“Feeling lucky, punk?” is what Dirty Harry said to a lowlife when the guy thought he was out of bullets and Harry wasn’t so sure himself. So the guy reaches for his gun and it turns out that wasn’t his lucky day after all. Kapow! Luck is a curious thing. There’s a show on TV called “Lucky To Be Alive.” On that show are all sorts of people who had near-death experiences, everyone from those mauled by bears and sharks to airplane crash survivors. The question here is, how lucky is it to get attacked by a grizzly bear or be in a plane crash? Those things don’t happen to all that many people. Wouldn’t the lucky people be the ones who were standing right next to the guy who was attacked by the bear and didn’t get mauled? Or the guy who missed that airplane flight? Seems like they were the lucky ones, no?
Years ago there was a news report of a circus elephant going ballistic and attacking people in the crowd. Now, an angry elephant is no joke, two tons of mean that can move a lot quicker than you would think and do a hell of a lot of damage swiftly. Anyway, this elephant killed its trainer and started attacking people in the stands. This went on for a while until a swat team could be summoned with a gun powerful enough to stop a rampaging elephant. So, what was the focus of the story? You got it, a “lucky little boy,” some poor kid who was badly injured by the elephant but somehow survived. You have to wonder how lucky Peewee felt when he woke up in a hospital in a body cast with tubes sticking out of him. The kid in the next seat who didn’t get a scratch? Well, there’s no story there, so the boy in the body cast became the “lucky one.” Some luck.
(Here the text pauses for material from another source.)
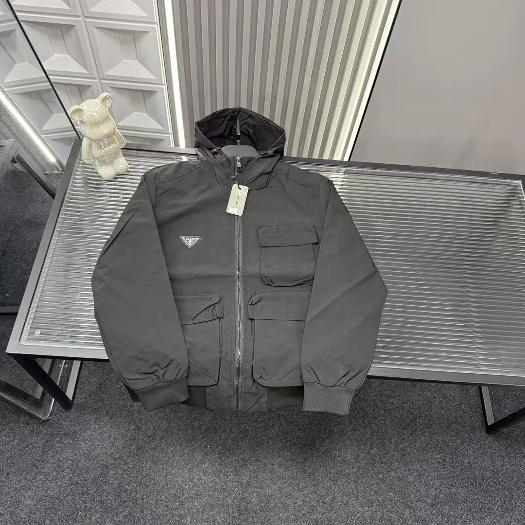 Empfohlene Oberbekleidung für den Frühherbst: Pradas Kapuzenjacke mit Dreiecksprägung und mehreren Taschen. Alle drei Etiketten sind identisch mit denen auf der offiziellen Website. Zoomen Sie hinein, um Details zu sehen. Foto mit der Originalkamera aufgenommen.

Just recently in Boston a police officer was shot twice in the face with a high-caliber pistol by a bad guy, usually a fatal occurrence. MIraculously the guy survived, and not only that, did so in a pretty short time. He says he too feels “very lucky.” Well, good for him, he’s a brave and dedicated police officer who will soon be returning to his job. Society needs people like him and we owe them a debt of gratitude. But society sure doesn’t have to consider him lucky for being shot in the face with a powerful hand gun. Twice, no less. Not too many of us would be grateful for that opportunity to celebrate ur good fortune. We consider his fellow officers the lucky ones, the ones who were also chasing that bad guy and did not get shot in the face.
So, what is luck? Most of us would agree it is not so lucky to get half-eaten by a wild animal, go down in flames in an aircraft, get trampled by a circus elephant or shot in the face a couple of times. Those are not lucky things to happen, not like finding a four leaf clover or winning the lotto or meeting the love of your life or something. Those are lucky things. Unless maybe bad luck counts. There’s always that to consider, and we all seem to have our share of bad luck. And you can avoid needing luck to get by. For example, you’ll never need to be rescued from the side of a cliff by helicopter all battered and broken if you simply do not go mountain climbing. That’s pretty much a no-brainer. If you don’t want to drown, don’t go swimming.
But we are not like that, us humans. We climb mountains, we go skiing, we swim in shark-infested oceans, go hiking in bear country and patrol dangerous streets in cop cars. We take chances. Hell, just leaving the house to buy some smokes and a newspaper can be a risk. You have no idea how efficiently the driver of that giant dump truck maintains his brakes, yet you cross the street anyway. While you know that a certain amount of people get squashed by dump trucks with weak brakes every year, you trust in fate that today won’t be your day to get mashed. You mingle with other people, share their germs, maybe get sick, maybe not. Maybe you get someone else sick. Anything can happen anytime to anyone. The temptation might just be to lay low at home to avoid calamities.
But there are risks involved in sitting at home too. The gas could leak and blow you up or the roof could collapse on your head while you’re sitting around playing it safe. A tornado could tear up the joint and land you somewhere other than Kansas. You just never know. So we all need a certain measure of luck in this dangerous world. Like the song says, “No one here gets out alive.” The trick is to live as long as you can. Some of us are luckier than others in that regard. Who hasn’t been to the funeral of a person dead before their time for one reason or another? Unless the person was some sort of daredevil or the girlfriend of Phil Spector, it’s always a surprise and beyond explanation. So, do we stop living the life we want to live just to stay alive longer? Just do nothing? That’s no answer since that’s like being dead anyway. No, you just go about your business and hope for the best, trying not to be too reckless or do too many stupid things.
And you just hope your good luck isn’t the kind that gets you on that Lucky To Be Alive show. You want to be the lucky one without the facial reconstructive surgery and all kinds of hardware holding your body together, or the guy being interviewed by some dopey reporter with your jaw wired shut telling his TV audience how very fortunate you are, with you cursing the fact that you’re in traction and unable to bash his fool head in with your bed pan. Towards that end, most of us don’t seek out confrontations with irritable and hungry giant predators, drive our cars 100 miles an hour or tell a biker gang you think they’re a bunch of ugly sissies. Life is dangerous enough just doing regular stuff without asking for more grief. No sense pushing our luck, such as it is.